Die Versuchsauswertung erfolgte vor Beginn des Ukrainekrieges, weshalb in der ursprünglichen Rentabilitätsberechnung für heutige Verhältnisse niedrige Strom- und Gaspreise angesetzt wurden. So bezifferten die Wissenschaftler den Einkaufspreis beim Strom auf 25 Cent (ct) je kWh. In der Gegenüberstellung der Aufwandskosten und der rückgewonnenen thermischen Energie bedeutete das für die Wärmerückgewinnung durchschnittliche spezifische Heizkosten von ca. 4,75 ct/kWh.
In einem Jahr 23.000 € gespart
Die Flüssiggaskosten lagen im Versuchszeitraum durchschnittlich bei rund 5,6 ct/kWh. Dadurch konnte selbst in diesem niedrigpreisigen Gasmarkt in 79 % der Betriebszeit günstiger mit dem Wärmetauscher geheizt werden. Bei der Gegenüberstellung des erhöhten Stromverbrauches mit den gesenkten Flüssiggas- bzw. Heizkosten schlugen am Ende Gesamteinsparungen von jährlich ca. 5.820 € zu Buche. Runtergebrochen auf einen Ferkelplatz waren das 1,41 € pro Jahr.
Noch viel markanter fällt die wirtschaftliche Betrachtung bzw. die Kostenersparnis beim Ansatz aktueller Strom- und Gaspreise aus. So hat der Versuchsbetrieb im Jahr 2022 bei Preisen von 32,3 ct/kWh Strom und 12,5 ct/kWh beim Gas rund 23.000 € an Energiekosten eingespart. Das sind 5,56 € pro Ferkelplatz. Die zusätzlichen Investitionskosten für die Wärmetauscher von rund 8.000 € hätten sich in diesem Preisgefüge bereits nach fünf Monaten amortisiert.
Das Forschungsprojekt „EnergARA“ wurde vom Ministerium für Umwelt, Landwirtschaft, Natur und Verbraucherschutz des Landes Nordrhein-Westfalen gefördert.
Fazit
- In einem Stallneubau lief ein Langzeittest mit Wärmetauschern.

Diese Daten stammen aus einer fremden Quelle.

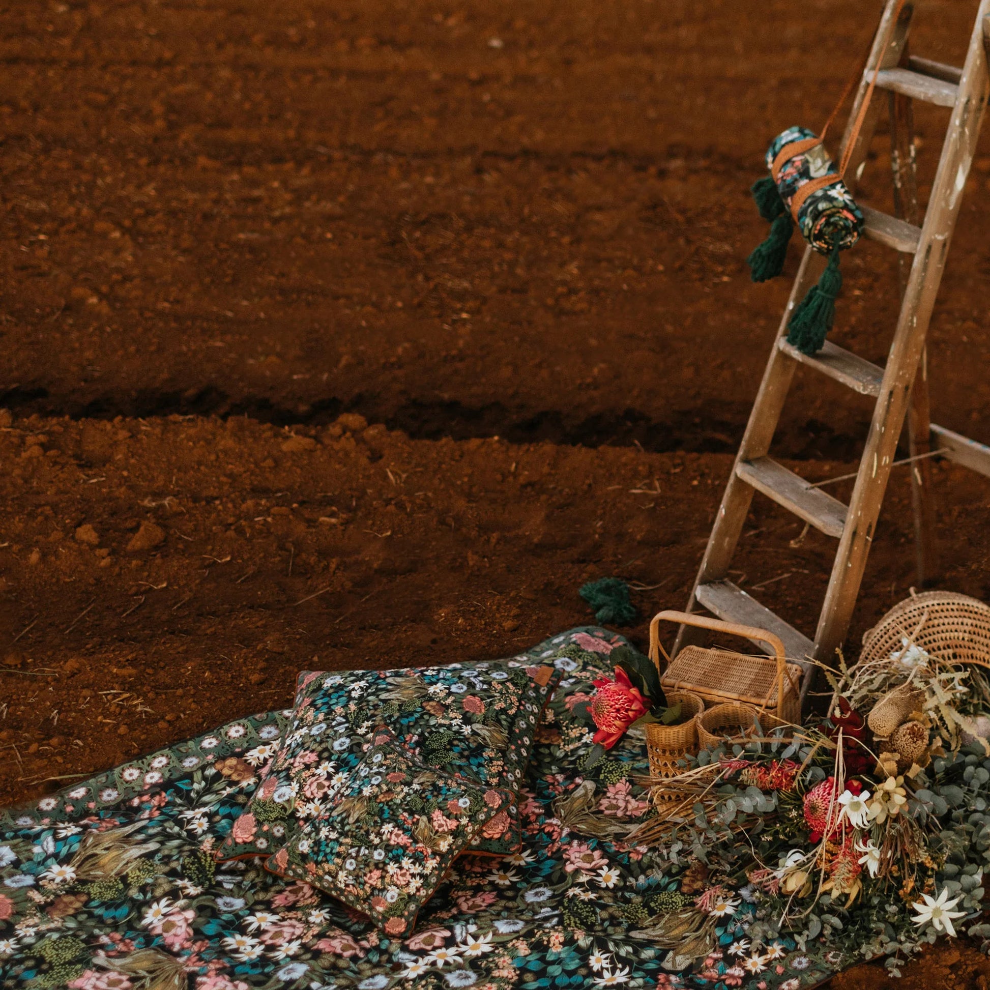 Wandering Folks best selling Native Wildflower print is hand illustrated by the founder Sharnee Thorpe. Printed on a durable cotton canvas with a protective water resistant base, so you can style your picnic set up any way you like!

- Die besten Einspareffekte wurden im Winter erzielt. Im Hochsommer liefen die Tauscher aber zumindest auf Teillast.
- Die Wärmetauscher pufferten auch die Tag-Nacht-Schwankungen ab.
- In der Spitze wurde die Zuluft um bis zu 14 °C angewärmt.
- Im aktuellen Preisgefüge spart der Versuchsbetrieb über 23.000 € an Energiekosten pro Jahr.